Por esta altura estarão a pensar que não falo a sério.
Pedem-me provas... Pois bem! Não que tivesse de fazê-lo, mas dar-vos-ei as provas que me pedis.
Nasci com vários dons. O primeiro é a Incapacidade Da Ideia Derradeira, daquela ideia com potencial para acabar com tudo. Que, dizem, a imaginação humana não tem limites. Pois a minha tem. Não conseguirei nunca ter essa ideia maldita. Nunca criarei um procedimento ou artefacto capaz de me (nos) destruir.
O segundo é a Incapacidade De Violentar.
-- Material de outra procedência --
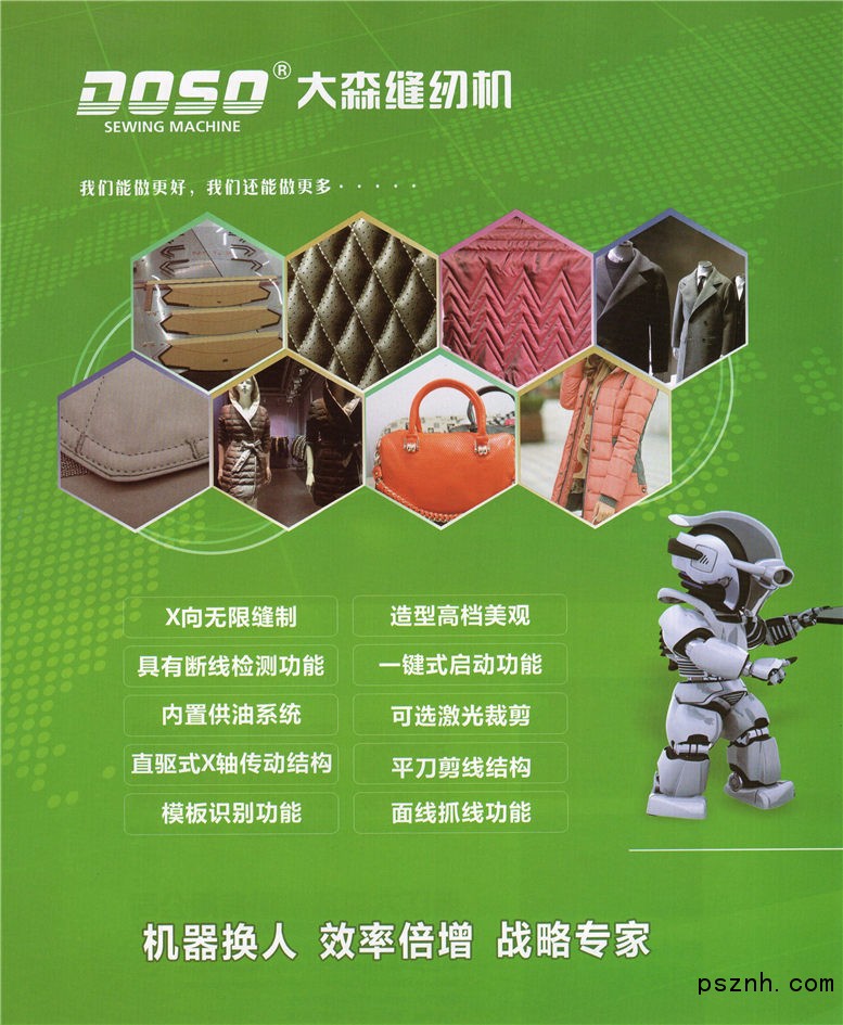 公司秉承"精、誠、穩(wěn)"的經(jīng)營哲學(xué),即----精益求精,誠實(shí)經(jīng)營,穩(wěn)步前進(jìn),在市場(chǎng)經(jīng)濟(jì)大潮中成功站穩(wěn)腳跟,并茁壯成長(zhǎng),多年來在中國服裝機(jī)械行業(yè)積累了豐富經(jīng)驗(yàn)。通過不斷努力與發(fā)展,公司現(xiàn)已發(fā)展成為一個(gè)集科研、開發(fā)、設(shè)計(jì)、生產(chǎn)、貿(mào)易、服務(wù)于一體的專業(yè)服裝機(jī)械制造商。公司已通過ISO9001:2000質(zhì)量管理體系認(rèn)證?,F(xiàn)有產(chǎn)品:特種機(jī)系列,電子花樣機(jī)系列,繃縫機(jī)系列,包縫機(jī)系列,平縫機(jī)系列,厚料機(jī)系列,節(jié)能電機(jī)等七大類90余種產(chǎn)品暢銷世界各地,深受廣大客戶的好評(píng)。

Assim, não concebo a possibilidade de qualquer acto menos digno para com os que me rodeiam. Para quê? Para viver num mundo de sofrimento? Não creio que houvesse justeza na minha criação, nem que me fosse atribuído um mundo cheio de coisas boas, se eu fosse capaz de o destruir em actos que me envergonhassem perante mim.
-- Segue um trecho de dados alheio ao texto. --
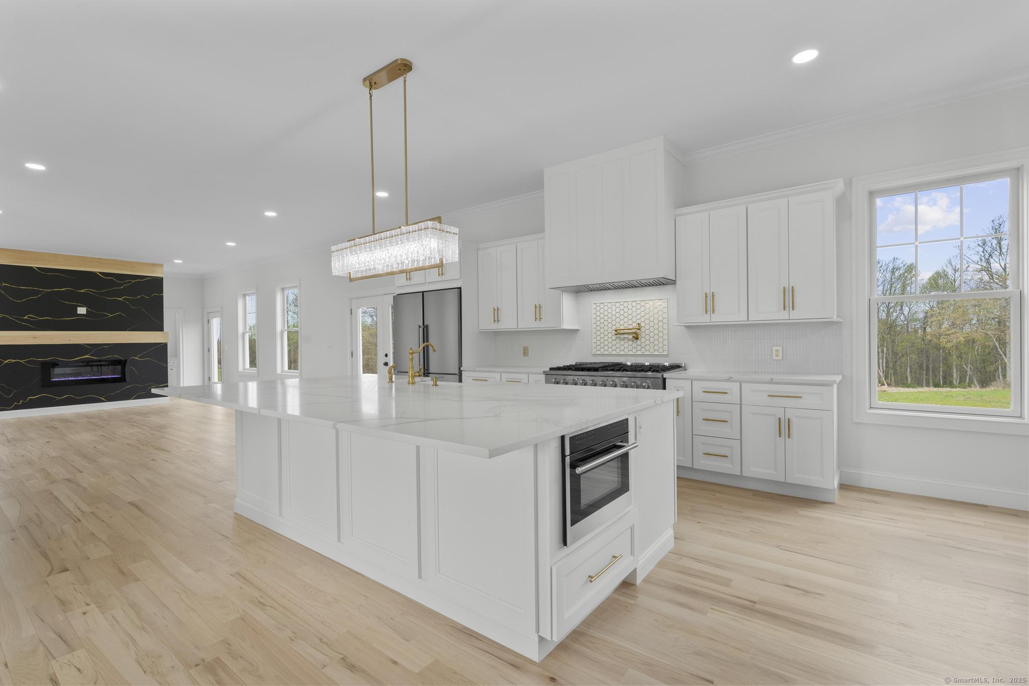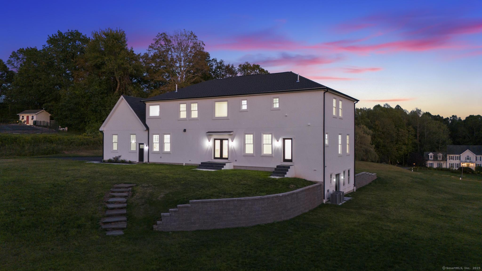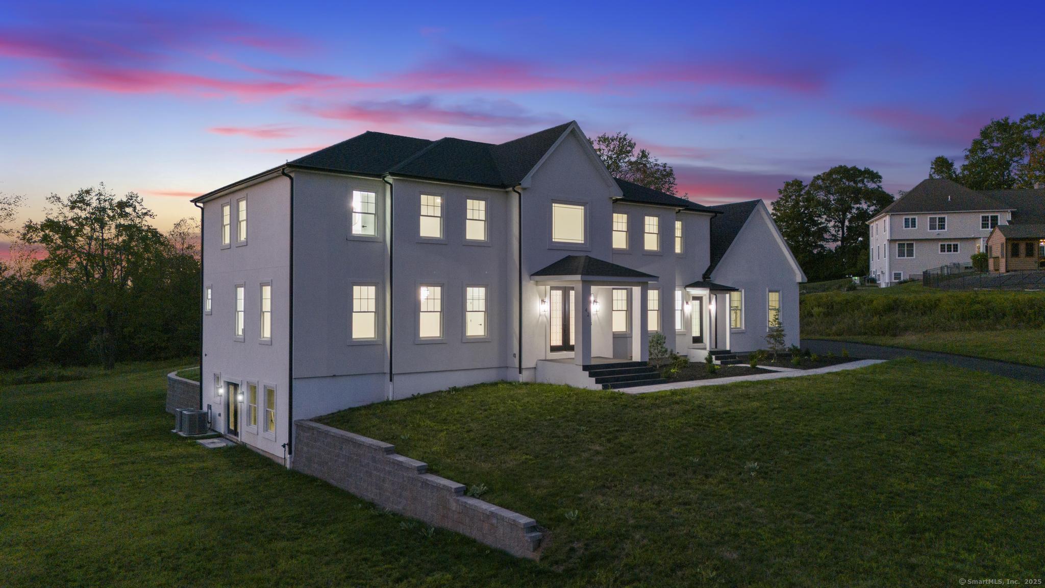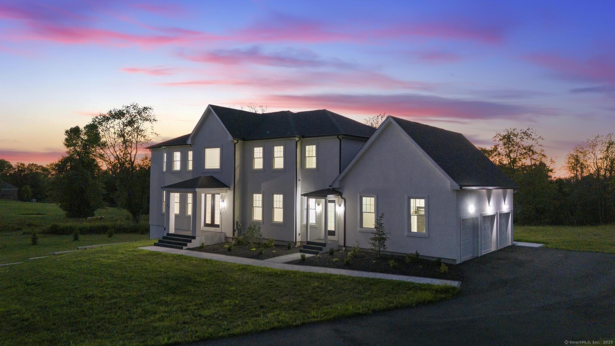 Straight out of a magazine - 42 Pine Ledge Trail, an exceptional new construction Colonial blending timeless elegance & modern luxury. Nestled on just under 4 private acres, this home is set back from the road on an elevated lot, offering seclusion. As you approach via the long, paved driveway, you'll notice a stunning stucco exterior, landscaped grounds, paver walkways, a grand covered entry with stately columns & double front doors & a 3-car garage. Step inside to a breathtaking 2-story foyer w/soaring 19-ft ceilings. The open-concept main level features 10-ft ceilings, creating an airy & welcoming space ideal for entertaining. The layout flows effortlessly - from the sun-drenched living room into the home office, or study. Continue into the stylish wet bar area, complete w/ seating & a wine chiller, which connects seamlessly to an eat-in space highlighted by a dramatic accent wall & floating fireplace - a true statement piece. The heart of the home is the gourmet chef's kitchen, boasting a 10x6 center island, quartz counters, top-of-the-line appliances, dual sinks & a walk-in pantry. A formal dining room & 2 beautifully appointed half baths complete this level. Upstairs, you'll find a flexible second living area/sitting room, along w/ 4 generously sized bedrooms. One features its own private en-suite, while another full bath serves the remaining bedrooms. The primary suite offers a spacious walk-in closet & a spa-like bath w/quartz counters, jacuzzi tub & a walk-in shower.

O terceiro é a Incapacidade De Subjugar. Devo explicá-lo? Acho que é um dom bastante fácil de compreender...
O quarto é a Incapacidade De Me Glorificar. Mas este não vos fará diferença. A menos que pensassem que vos faria sombra. A minha natureza porém é diferente, não vos causarei obstáculos. Já mencionei a minha incapacidade de interagir com este mundo que me foi destinado, não lhe poderei alterar uma vírgula. Lamento. Peço-vos apenas que não me endeusem. Consequentemente, nunca ouvirão falar de mim.
Surpreende-vos decerto que os meus dons sejam, de facto, incapacidades. Poderá até parecer que misturo conceitos antagónicos. Não é assim. Observai que as capacidades equivalentes estão distribuídas, em porções desiguais, por muitos de vós. É isso que vos torna humanos. Sois os humanos do meu mundo, e tendes a minha compreensão porque os dons que refiro não vos terão eventualmente bafejado.
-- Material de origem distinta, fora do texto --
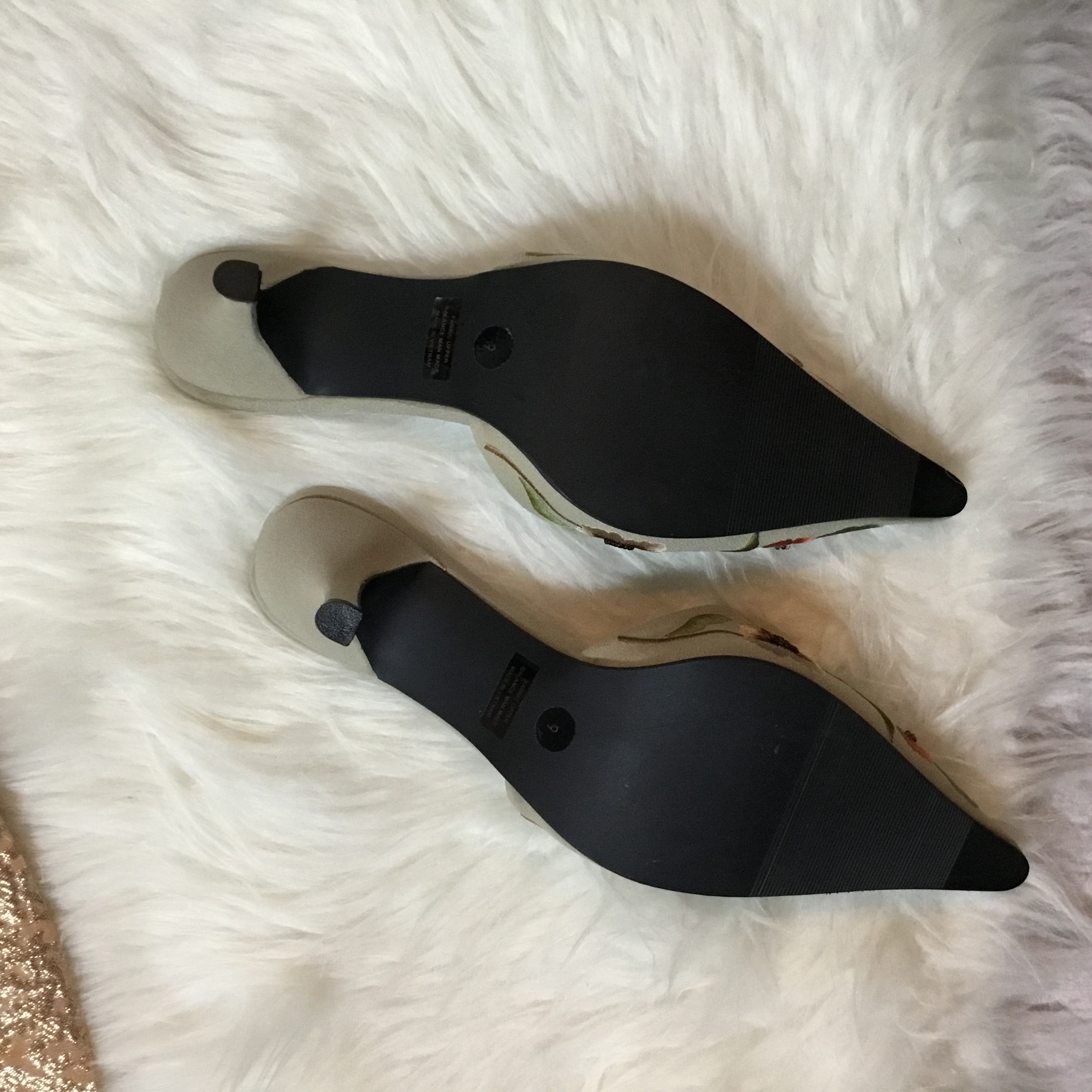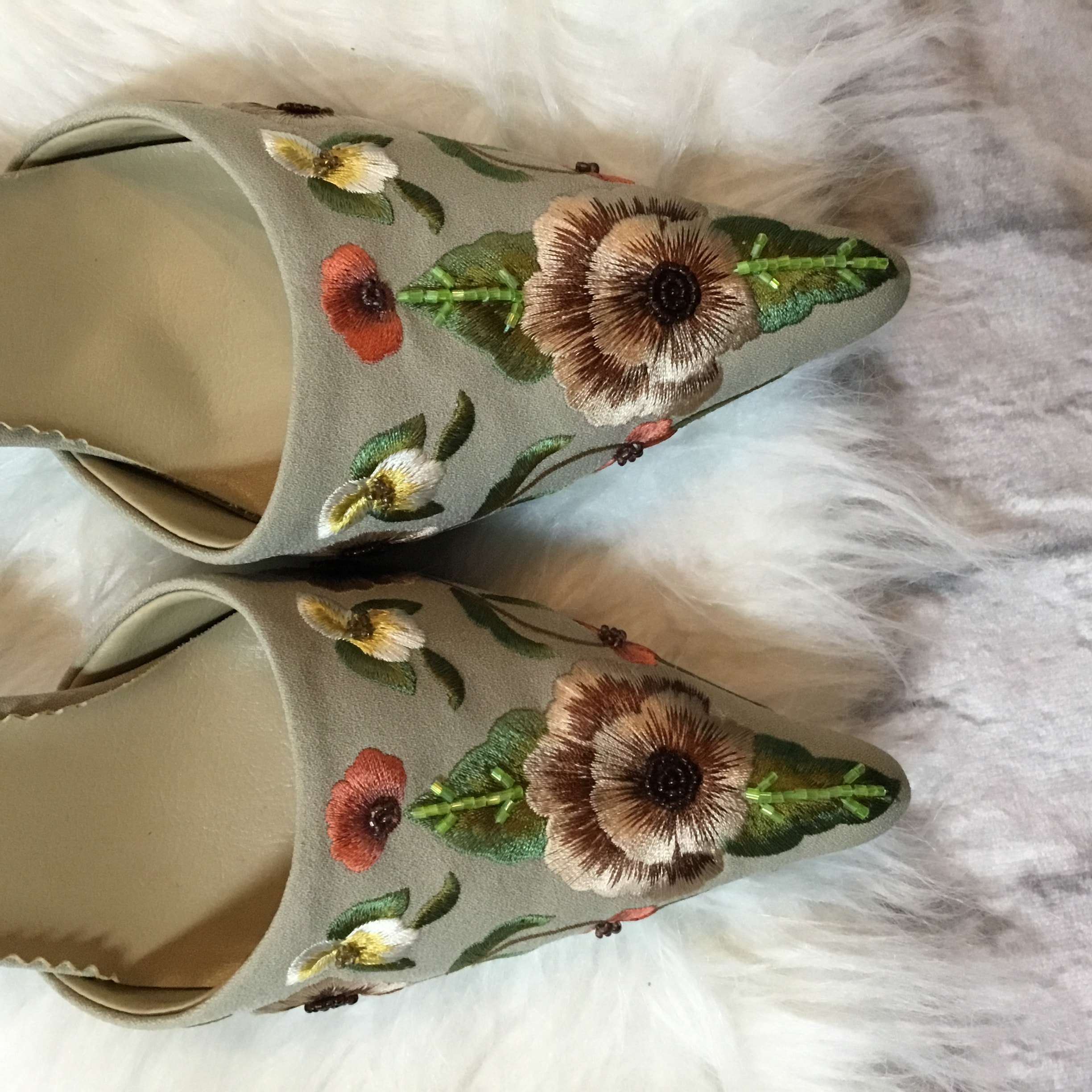 So on trend, kitten heels! The floral detail 🌸 is exquisite!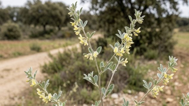 Esta planta, cuyo nombre científico es Astragalus gines-lopezii, pertenece a la familia de las leguminosas y presenta un aspecto discreto. Sus tallos alcanzan entre 20 y 60 centímetros y sostienen hojas compuestas, cubiertas por una fina pelusa. En primavera, entre marzo y mayo, desarrolla pequeñas flores amarillas agrupadas en racimos, el rasgo más visible para quien sabe dónde mirar.

Cuidai porém, que alguns se fazem passar por mim! A esses, a minha sociedade fecha-os num hospício. Perguntei a um uma vez:
- E vós, senhor? Qual é a vossa graça?
Ao que me respondeu com um pino perfeito.
Se depois de vos confessar isto, duvidas houvessem, pediria que fizessem rapidamente um raciocínio. Que pensassem a quem confiariam qualquer dos bens que, sem ter aprendido por mestres ou manuais, vos afirmei que sou incapaz de violar. Eu tenho a resposta imediata para essa dúvida, se alguém ainda questionasse: a mim!
Dizem-me, porém, que tenho uma doença mortal. E isto deveria ser segredo. Não quero que se saiba que padeço deste mal, que até nem sei se é derradeiro como afirmam, mas já que o disse, e até o aflorei anteriormente... Que não vos cause ansiedade... Padeço de vida! Dizem-me que é fatal. Irremediável. Sinto-a que me consome, a cada dia que passa... Receio, por isso, que o meu mundo possa eventualmente chegar a um fim, e que todos desapareçam. Mas tento resistir. Sei que quanto mais me aguentar, mais tempo tereis para gozar o meu mundo.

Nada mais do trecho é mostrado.